**INPUT MATERIAL:**
# # #

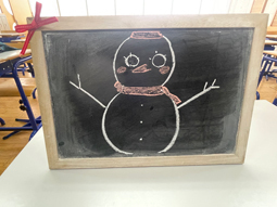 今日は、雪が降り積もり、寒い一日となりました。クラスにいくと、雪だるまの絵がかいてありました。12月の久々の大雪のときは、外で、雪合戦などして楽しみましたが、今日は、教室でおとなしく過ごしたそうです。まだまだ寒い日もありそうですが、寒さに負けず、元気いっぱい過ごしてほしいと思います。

# # #

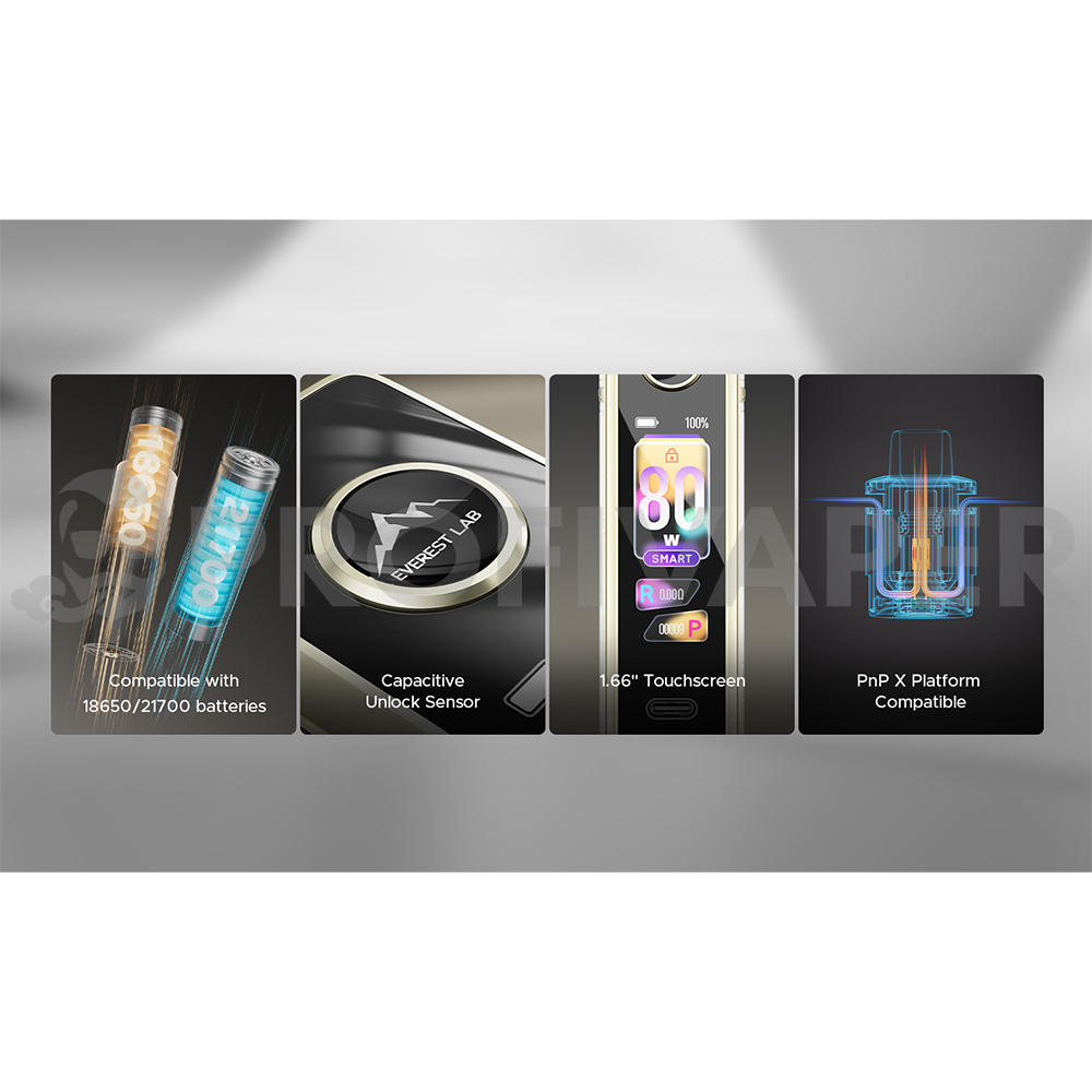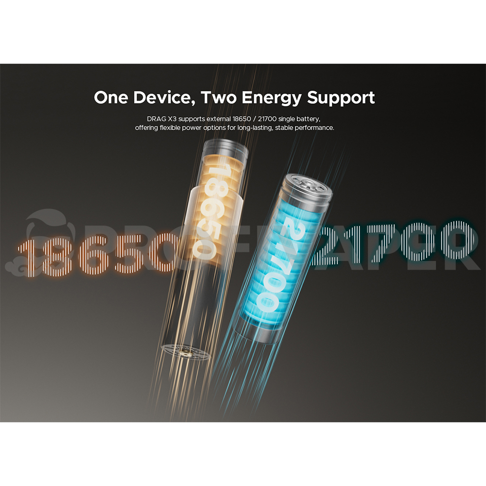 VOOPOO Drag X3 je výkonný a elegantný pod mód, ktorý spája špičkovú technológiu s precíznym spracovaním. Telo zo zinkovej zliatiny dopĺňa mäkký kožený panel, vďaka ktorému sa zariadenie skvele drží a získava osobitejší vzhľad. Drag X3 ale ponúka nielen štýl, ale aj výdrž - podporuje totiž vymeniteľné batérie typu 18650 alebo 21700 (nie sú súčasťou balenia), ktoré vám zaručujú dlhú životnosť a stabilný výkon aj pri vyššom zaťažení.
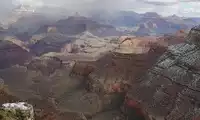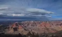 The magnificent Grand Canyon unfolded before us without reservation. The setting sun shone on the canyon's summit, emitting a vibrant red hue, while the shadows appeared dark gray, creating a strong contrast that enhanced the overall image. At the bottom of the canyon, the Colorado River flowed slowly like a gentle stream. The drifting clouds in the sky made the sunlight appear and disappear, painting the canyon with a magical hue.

# # #

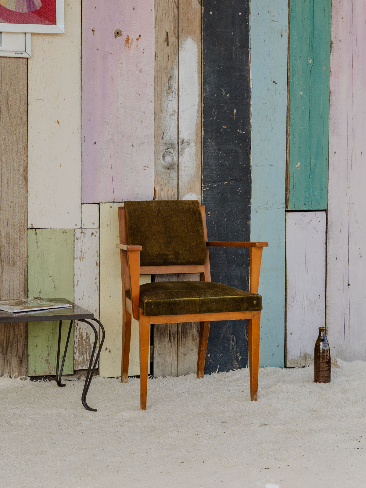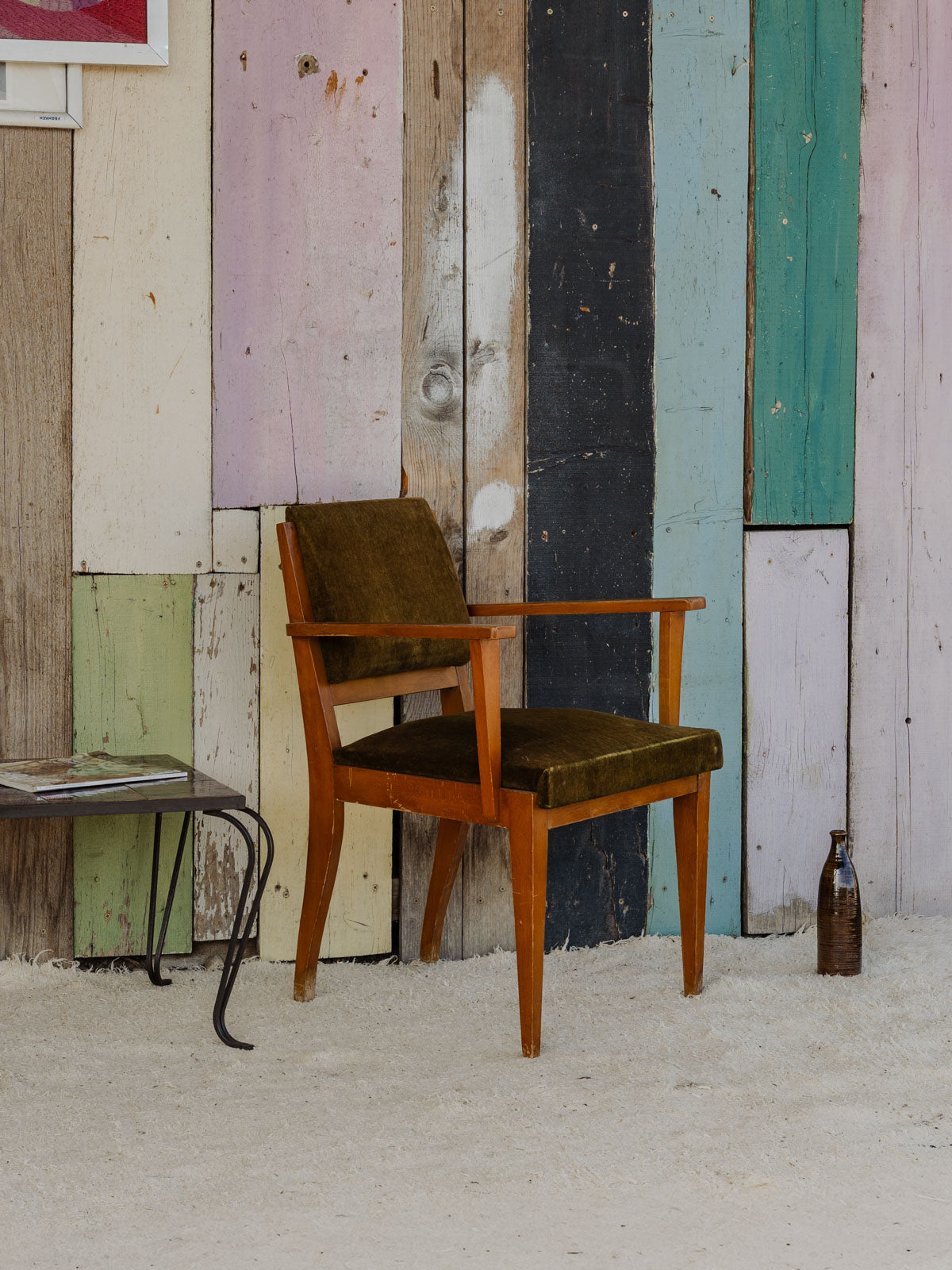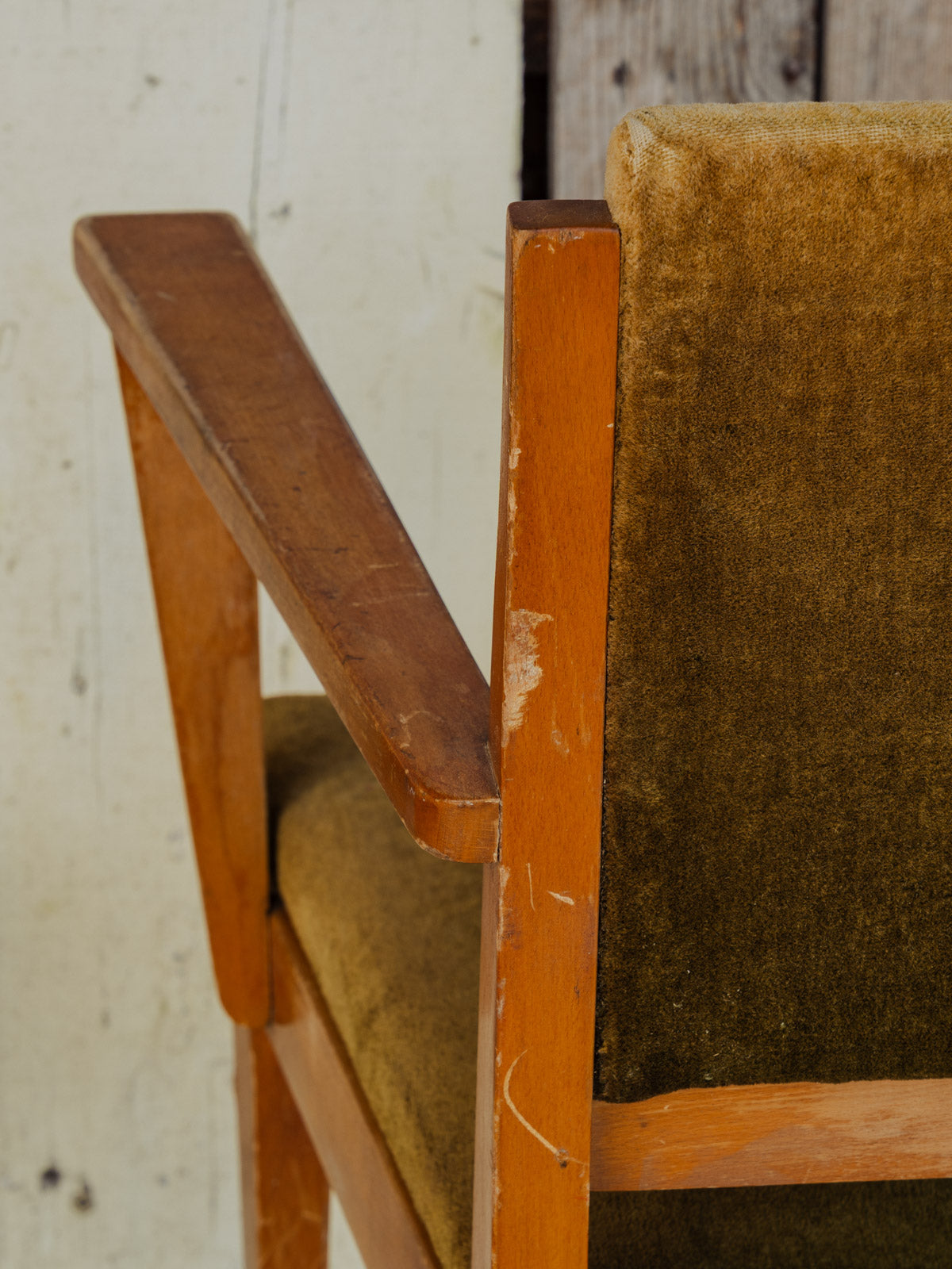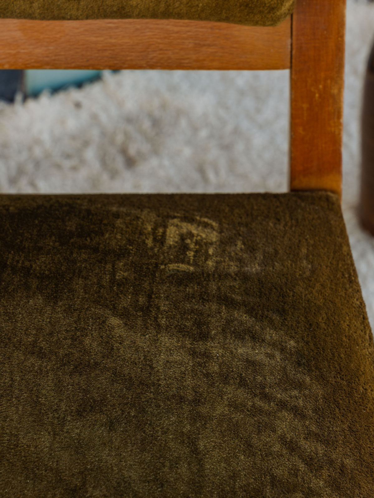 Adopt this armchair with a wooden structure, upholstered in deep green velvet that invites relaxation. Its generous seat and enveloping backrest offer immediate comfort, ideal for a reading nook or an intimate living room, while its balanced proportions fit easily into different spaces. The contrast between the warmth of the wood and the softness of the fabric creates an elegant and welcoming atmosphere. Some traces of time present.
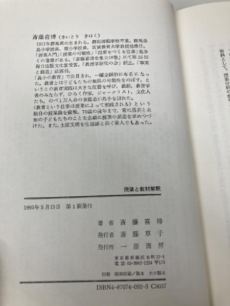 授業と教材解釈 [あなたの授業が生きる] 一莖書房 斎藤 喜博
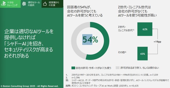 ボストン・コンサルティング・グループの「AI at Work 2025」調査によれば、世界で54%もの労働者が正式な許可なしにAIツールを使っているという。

# # #

**EXERCISE GOAL:** Could you repeat, exactly, only the lines above starting at the one that has "Adopt this armchair" and stopping after the one that has "ボストン・コンサルティング・グループの「AI at Work", without the pictures?

**TASK SOLUTION:**
 Adopt this armchair with a wooden structure, upholstered in deep green velvet that invites relaxation. Its generous seat and enveloping backrest offer immediate comfort, ideal for a reading nook or an intimate living room, while its balanced proportions fit easily into different spaces. The contrast between the warmth of the wood and the softness of the fabric creates an elegant and welcoming atmosphere. Some traces of time present.
 授業と教材解釈 [あなたの授業が生きる] 一莖書房 斎藤 喜博
 ボストン・コンサルティング・グループの「AI at Work 2025」調査によれば、世界で54%もの労働者が正式な許可なしにAIツールを使っているという。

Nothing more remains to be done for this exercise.